### Provided data ###
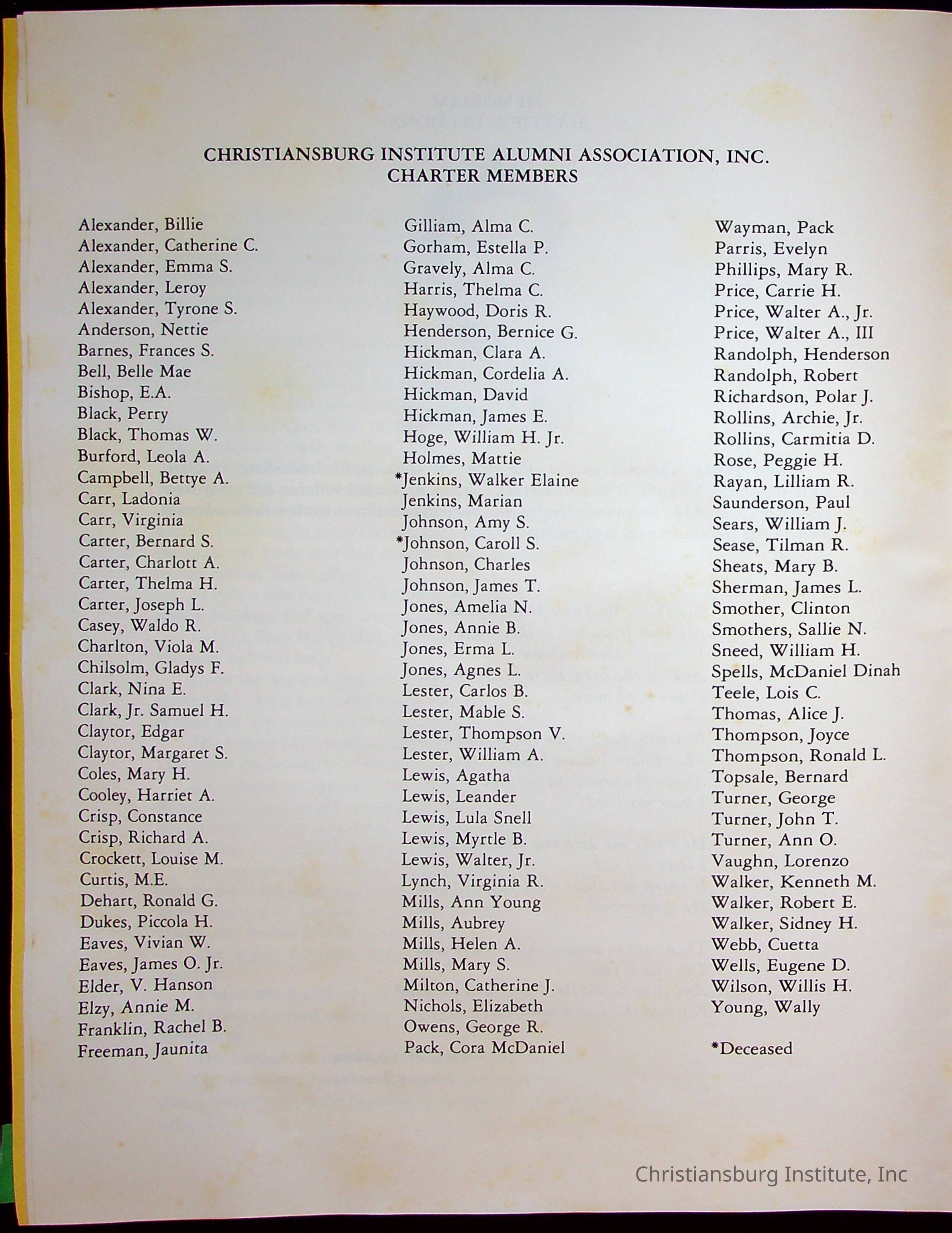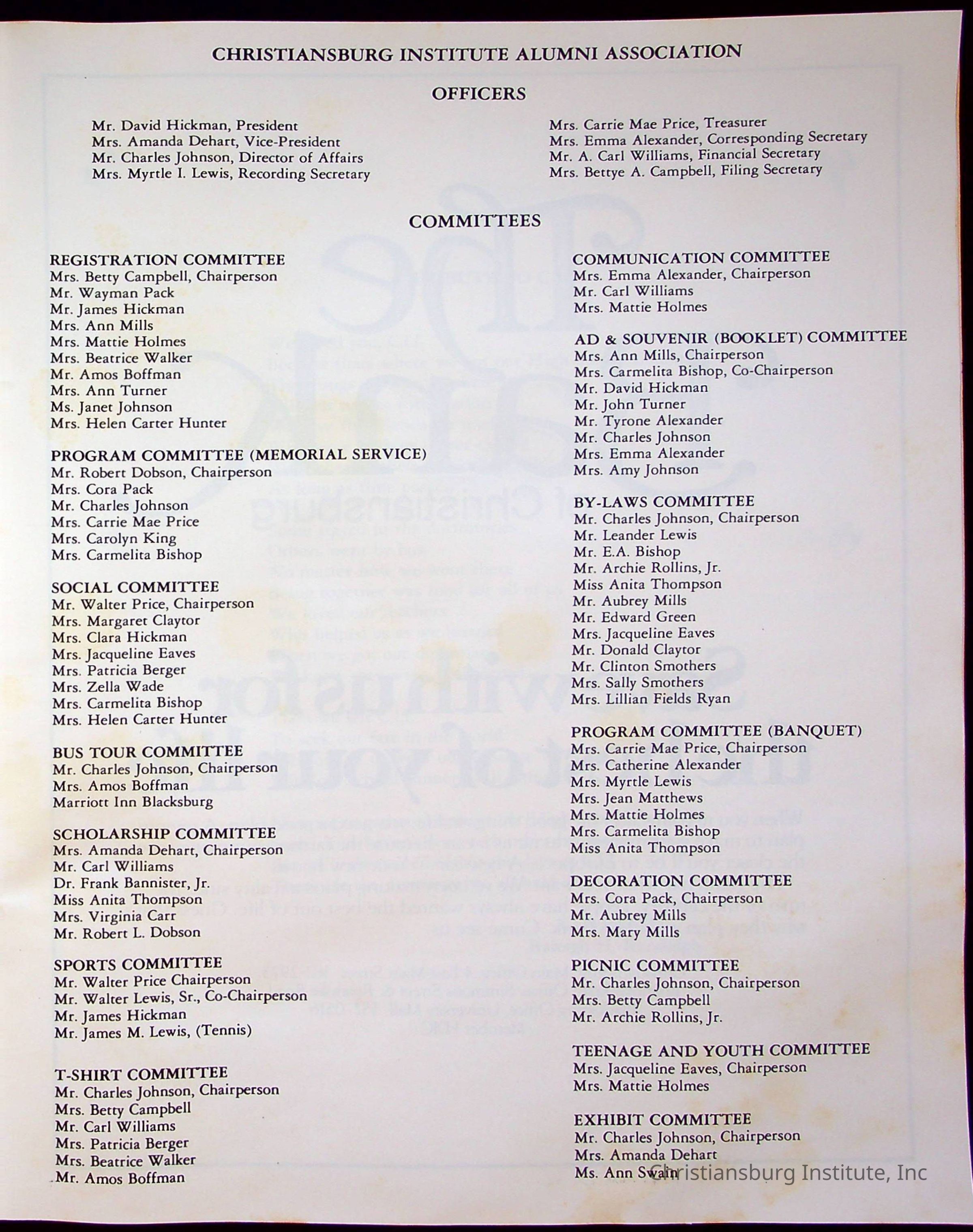 Christiansburg Institute Alumni Association CollectionPublication Details
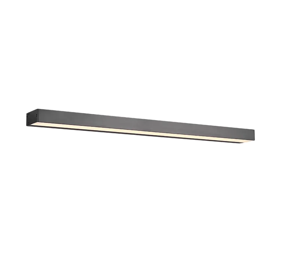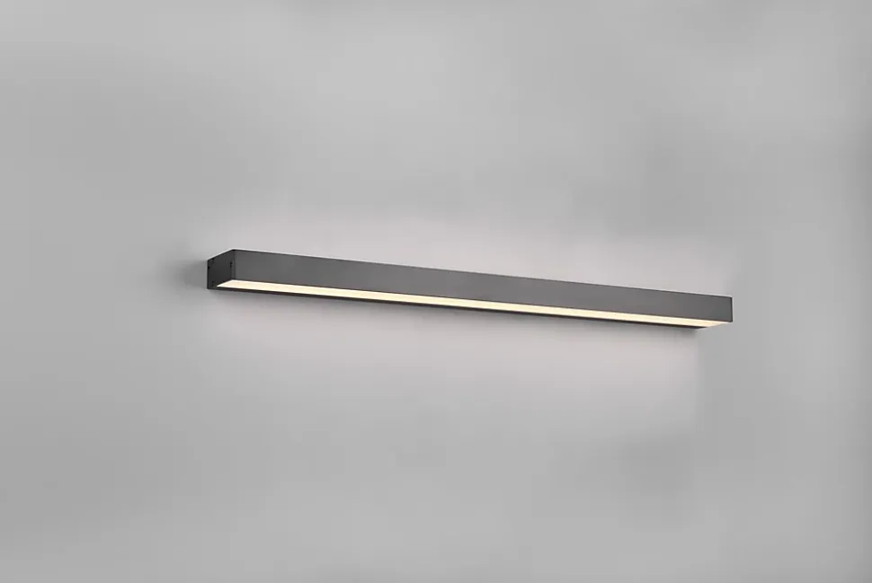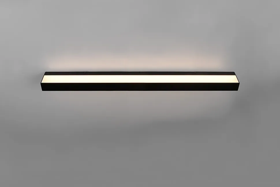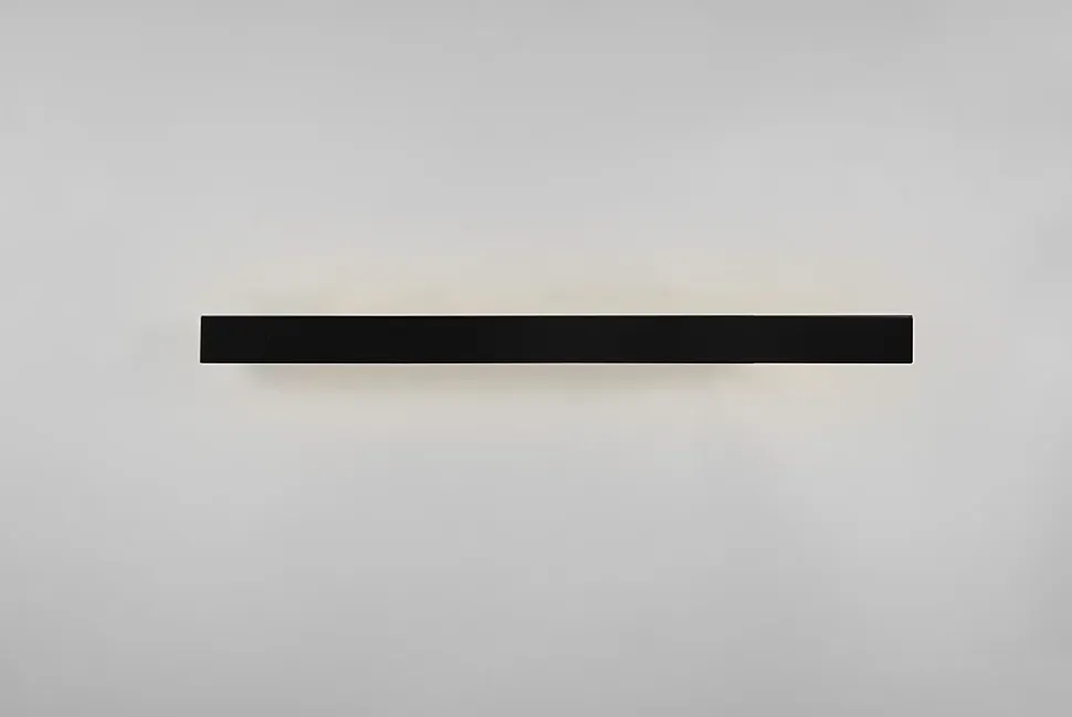 Les caractéristiques techniquesL’applique murale Rocco de Trio s’impose par son design épuré et ses lignes minimalistes. Fabriquée en aluminium noir mat avec un diffuseur acrylique blanc, elle mesure 90 cm de large pour 3,6 cm de haut, offrant un éclairage puissant et élégant, idéal pour les salles de bains grâce à son indice de protection IP44.Dotée d’une LED intégrée (13W, 1400 lumens, 3000K), elle assure une lumière agréable et homogène, tout en garantissant robustesse et sécurité (classe de protection I, IP44).Les avantages esthétiques et pratiquesCette applique séduit par son double faisceau lumineux haut et bas, créant un effet raffiné qui sublime vos murs. Parfaite pour créer une atmosphère de détente dans la salle de bain ou dans toute autre pièce où un éclairage doux est recherché.Son coloris noir mat sobre et contemporain lui permet de s’adapter facilement à différents styles d’intérieurs, tout en ajoutant une note design.Grâce à la technologie LED intégrée, la Rocco vous permet de réaliser jusqu’à 80 % d’économie d’énergie par rapport aux lampes halogènes traditionnelles. Elle offre une durée de vie de 30 000 heures, réduit la chaleur produite et contribue activement à la protection de l’environnement.
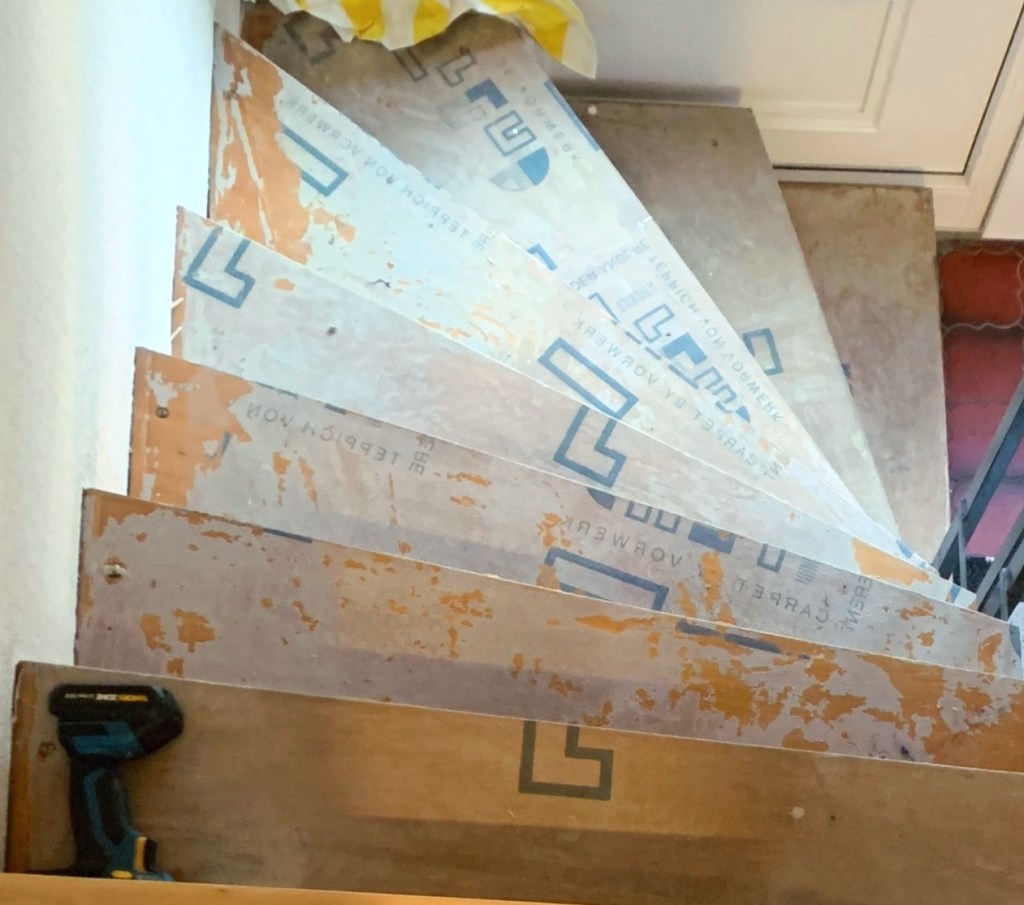 Ich werde nun Schritt für Schritt erklären, wie wir zunächst den Kleber des Todes von den Stufen entfernt, die Treppenstufen daraufhin sorgsam geschliffen haben und dann endlich wieder in ihrem Originalzustand bringen und final einbauen konnten.
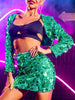 This long-sleeved women's green Sequin jacket features an eye-catching design that perfectly showcases your fashion sense.
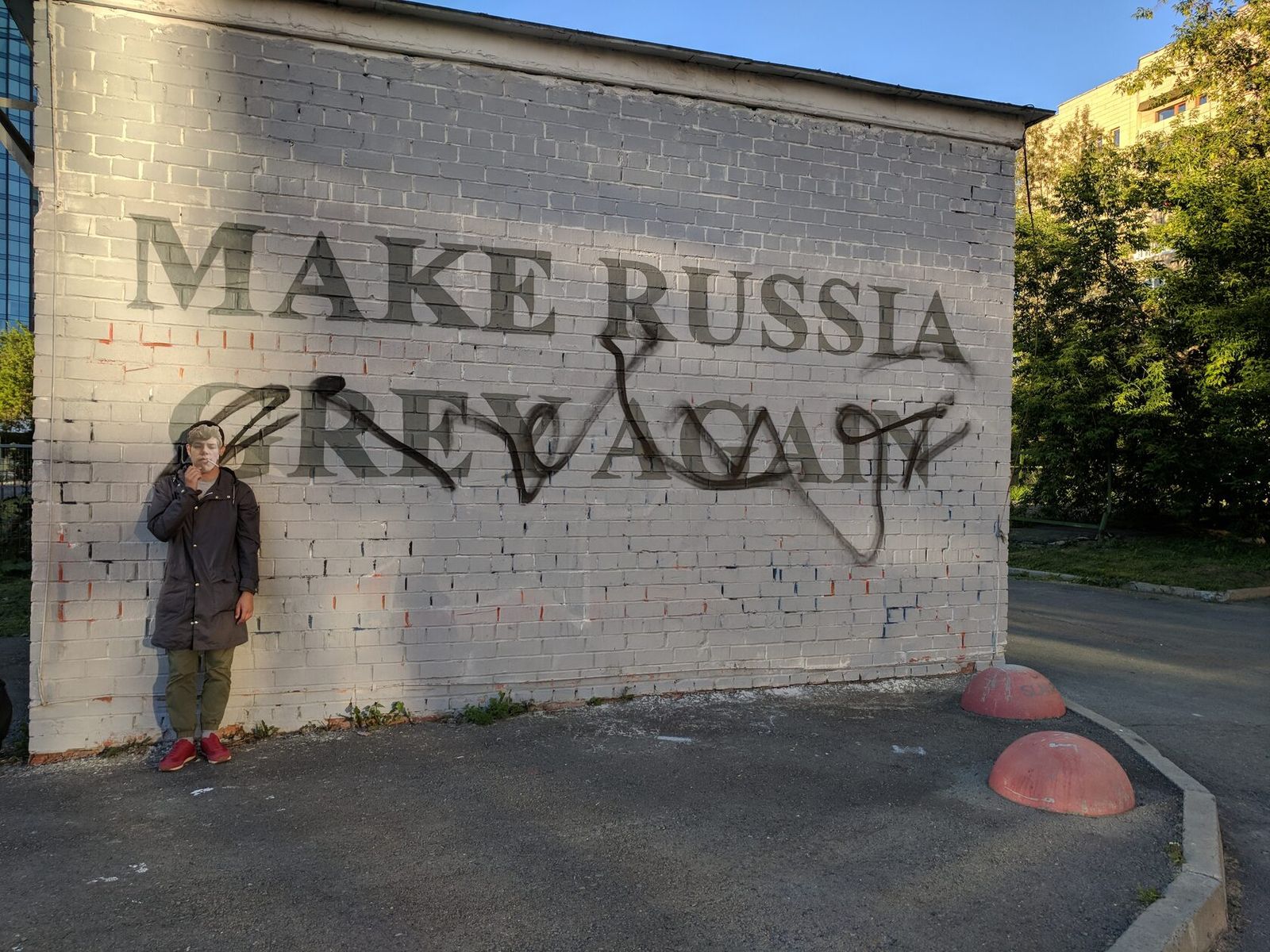 OK's intervention at Carte Blanche, a street art festival held in Yekaterinburg in July 2018, brought to the surface these problematics. Organised by Russian street artists of near-celebrity status such as Slava Ptrk, permission had not been requested from the authorities in line with the intention that the festival be based in the true illegal roots of street art. Nonetheless, the event did not come under any fire for this (perhaps partly because Yekaterinburg is one of the most street-art friendly of all Russian cities), meaning that it might not be preposterous to suggest that Carte Blanche may even have inadvertently complemented blagoustroistvo for how it illustrated the city with figurative murals and photogenic text art statements, all mounted perfectly within their wall canvases. OK headed to the festival in its last days and contributed by illegibly scribbling over parts of these fresh pieces, before having his photograph taken next to them, wearing a mask of his own face in a nod to how underground graffiti artists usually conceal their identities (Figure 9). At first applauded as a radical response, by some scribblings later, it had angered many of the festival artists, who called him to their hostel, where they did not allow him to leave for the whole night while they demanded explanations and that he pay damages for his interventions on their works. To defend private ownership of a work that many might say should be public property from the moment the spray hits the wall (Bonadio, 2018), seems in itself a bizarre stance from supporters of graffiti's illegality. More than three years after this edition of Carte Blanche, Slava Ptrk wrote a long post on Facebook to publicly apologise for this reaction, in which he explained:
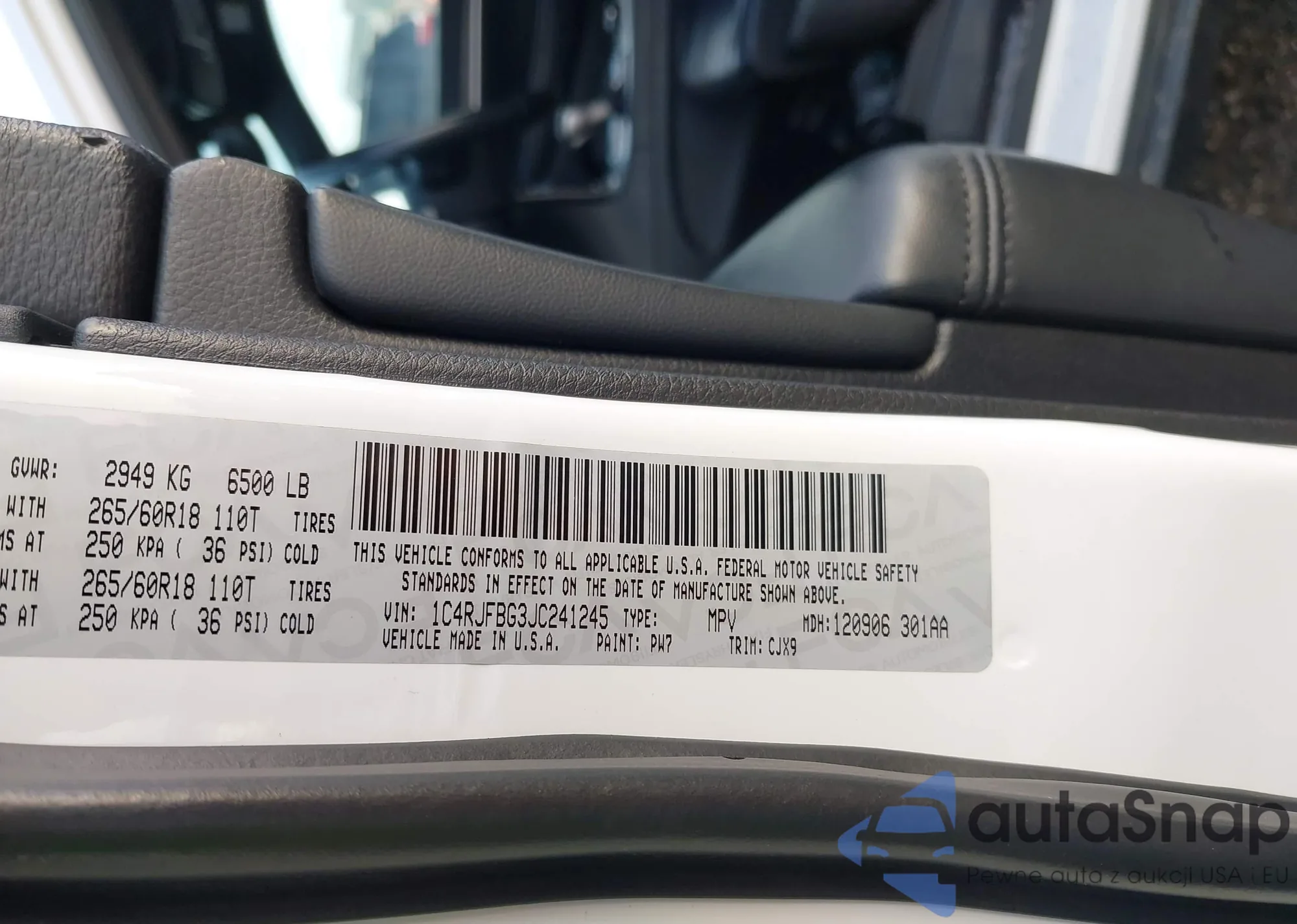 • VIN 1C4RJFBG3JC241245
###
_Exercise brief_
Do not copy pictures. Restate exactly the lines from the one containing "OK's intervention at" through the last line of the records.

_Task output_
 OK's intervention at Carte Blanche, a street art festival held in Yekaterinburg in July 2018, brought to the surface these problematics. Organised by Russian street artists of near-celebrity status such as Slava Ptrk, permission had not been requested from the authorities in line with the intention that the festival be based in the true illegal roots of street art. Nonetheless, the event did not come under any fire for this (perhaps partly because Yekaterinburg is one of the most street-art friendly of all Russian cities), meaning that it might not be preposterous to suggest that Carte Blanche may even have inadvertently complemented blagoustroistvo for how it illustrated the city with figurative murals and photogenic text art statements, all mounted perfectly within their wall canvases. OK headed to the festival in its last days and contributed by illegibly scribbling over parts of these fresh pieces, before having his photograph taken next to them, wearing a mask of his own face in a nod to how underground graffiti artists usually conceal their identities (Figure 9). At first applauded as a radical response, by some scribblings later, it had angered many of the festival artists, who called him to their hostel, where they did not allow him to leave for the whole night while they demanded explanations and that he pay damages for his interventions on their works. To defend private ownership of a work that many might say should be public property from the moment the spray hits the wall (Bonadio, 2018), seems in itself a bizarre stance from supporters of graffiti's illegality. More than three years after this edition of Carte Blanche, Slava Ptrk wrote a long post on Facebook to publicly apologise for this reaction, in which he explained:
 • VIN 1C4RJFBG3JC241245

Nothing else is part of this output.